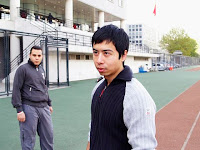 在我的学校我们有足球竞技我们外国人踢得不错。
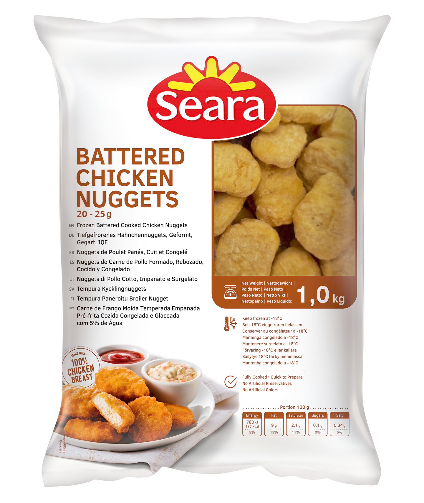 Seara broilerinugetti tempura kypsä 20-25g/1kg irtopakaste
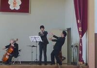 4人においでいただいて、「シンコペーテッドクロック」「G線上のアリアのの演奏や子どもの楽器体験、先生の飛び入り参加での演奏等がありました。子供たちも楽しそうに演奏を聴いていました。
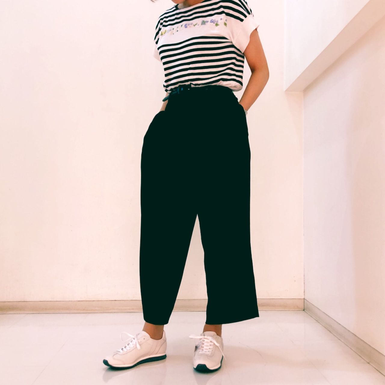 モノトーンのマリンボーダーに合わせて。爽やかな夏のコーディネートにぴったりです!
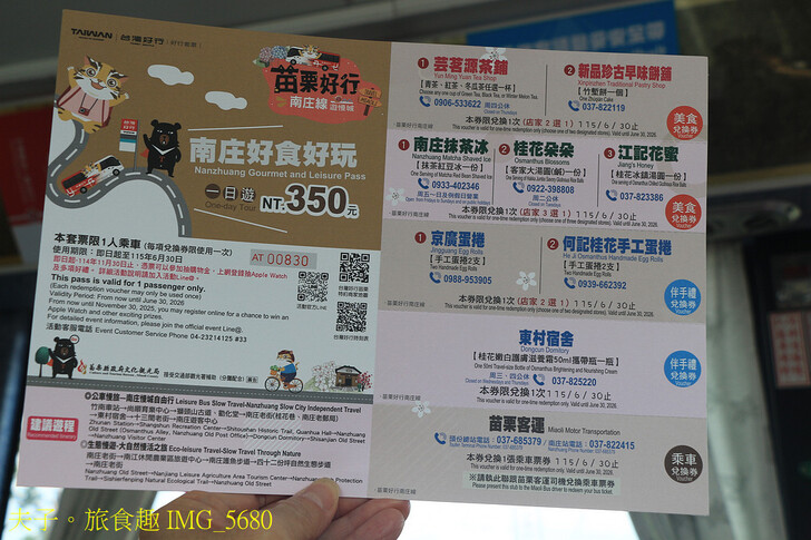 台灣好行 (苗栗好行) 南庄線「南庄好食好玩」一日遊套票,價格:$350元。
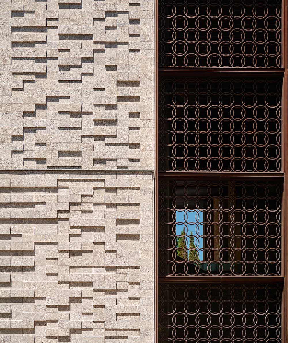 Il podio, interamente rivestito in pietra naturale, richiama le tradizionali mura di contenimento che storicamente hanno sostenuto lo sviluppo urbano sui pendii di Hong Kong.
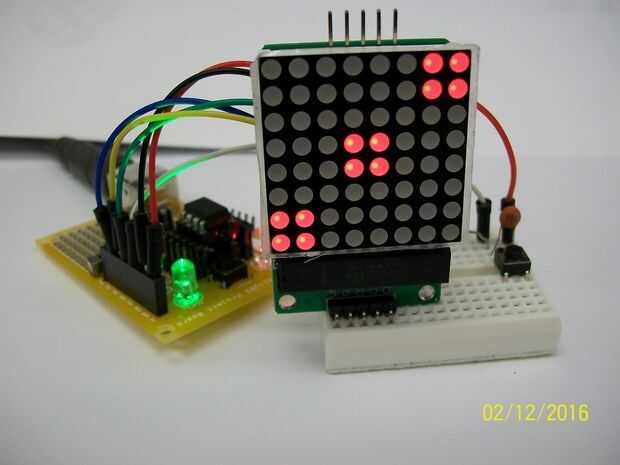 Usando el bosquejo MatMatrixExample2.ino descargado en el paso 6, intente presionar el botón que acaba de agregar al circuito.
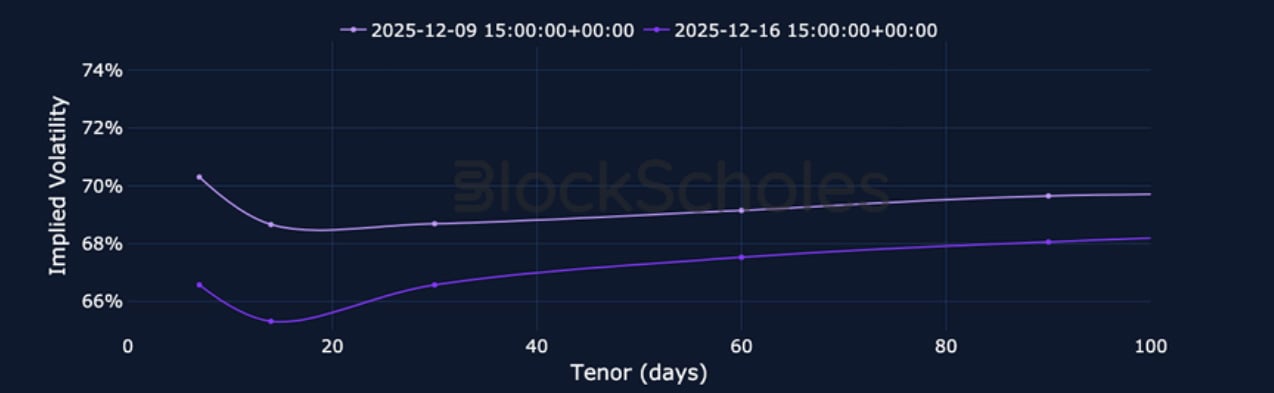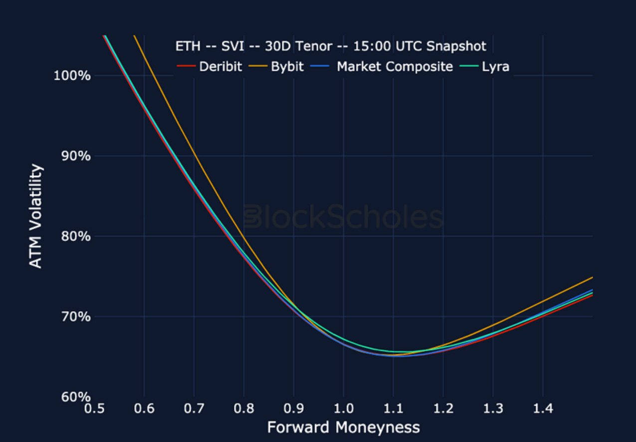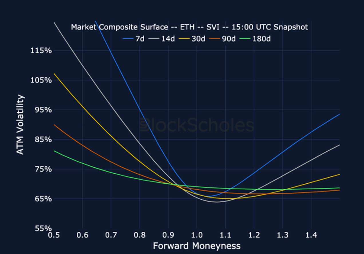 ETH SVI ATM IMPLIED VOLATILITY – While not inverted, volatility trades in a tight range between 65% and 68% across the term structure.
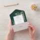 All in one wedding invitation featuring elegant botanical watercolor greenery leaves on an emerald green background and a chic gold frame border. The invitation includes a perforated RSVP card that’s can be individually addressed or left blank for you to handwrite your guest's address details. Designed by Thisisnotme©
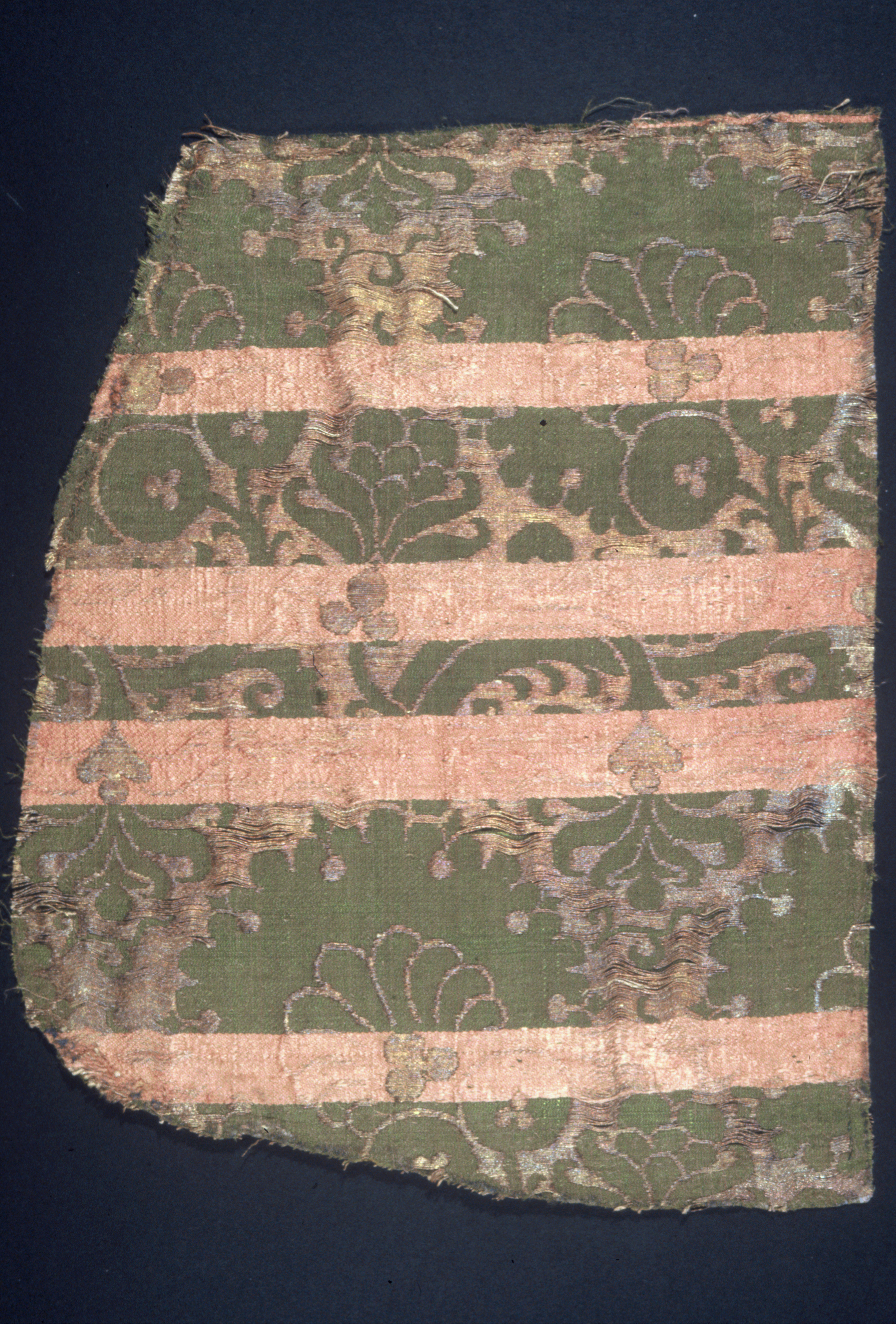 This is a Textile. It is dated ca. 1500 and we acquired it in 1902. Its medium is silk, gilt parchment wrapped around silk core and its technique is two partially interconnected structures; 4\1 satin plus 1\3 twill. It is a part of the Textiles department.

------------------------------------

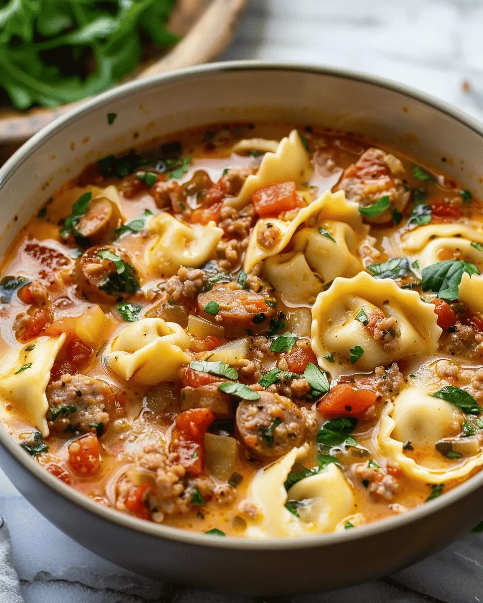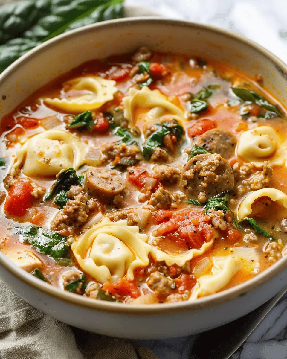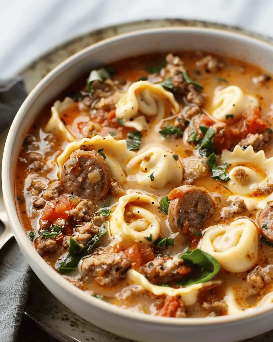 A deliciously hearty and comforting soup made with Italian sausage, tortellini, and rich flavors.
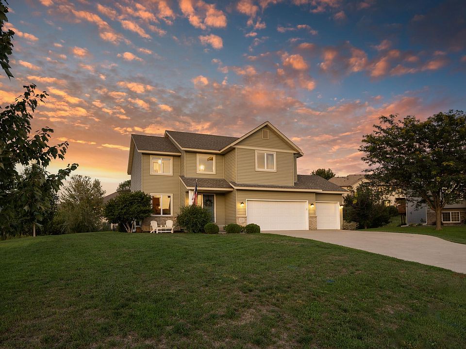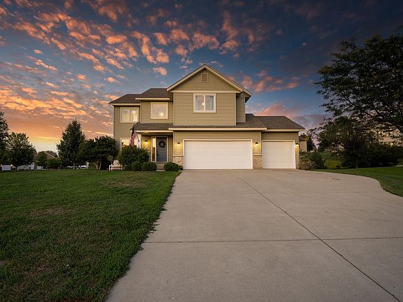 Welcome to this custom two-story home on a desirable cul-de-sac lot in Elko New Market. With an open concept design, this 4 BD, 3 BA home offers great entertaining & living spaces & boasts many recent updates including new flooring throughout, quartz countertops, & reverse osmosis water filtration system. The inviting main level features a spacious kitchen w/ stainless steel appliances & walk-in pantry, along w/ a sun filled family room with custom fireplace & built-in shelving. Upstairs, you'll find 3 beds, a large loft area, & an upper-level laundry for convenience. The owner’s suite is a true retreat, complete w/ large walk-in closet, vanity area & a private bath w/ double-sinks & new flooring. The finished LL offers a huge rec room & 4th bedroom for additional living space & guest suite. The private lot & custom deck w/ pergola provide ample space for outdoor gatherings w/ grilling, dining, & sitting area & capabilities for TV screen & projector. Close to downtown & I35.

------------------------------------

▸ **ASSIGNMENT**
In the material above, which lines fall between the one holding "在我的学校我们有足球竞技我们外国人踢得不错。" and the one holding "All in one wedding", inclusive? Print exactly those, with the pictures left out.

▸ **RESPONSE BELOW**
 在我的学校我们有足球竞技我们外国人踢得不错。
 Seara broilerinugetti tempura kypsä 20-25g/1kg irtopakaste
 4人においでいただいて、「シンコペーテッドクロック」「G線上のアリアのの演奏や子どもの楽器体験、先生の飛び入り参加での演奏等がありました。子供たちも楽しそうに演奏を聴いていました。
 モノトーンのマリンボーダーに合わせて。爽やかな夏のコーディネートにぴったりです!
 台灣好行 (苗栗好行) 南庄線「南庄好食好玩」一日遊套票,價格:$350元。
 Il podio, interamente rivestito in pietra naturale, richiama le tradizionali mura di contenimento che storicamente hanno sostenuto lo sviluppo urbano sui pendii di Hong Kong.
 Usando el bosquejo MatMatrixExample2.ino descargado en el paso 6, intente presionar el botón que acaba de agregar al circuito.
 ETH SVI ATM IMPLIED VOLATILITY – While not inverted, volatility trades in a tight range between 65% and 68% across the term structure.
 All in one wedding invitation featuring elegant botanical watercolor greenery leaves on an emerald green background and a chic gold frame border. The invitation includes a perforated RSVP card that’s can be individually addressed or left blank for you to handwrite your guest's address details. Designed by Thisisnotme©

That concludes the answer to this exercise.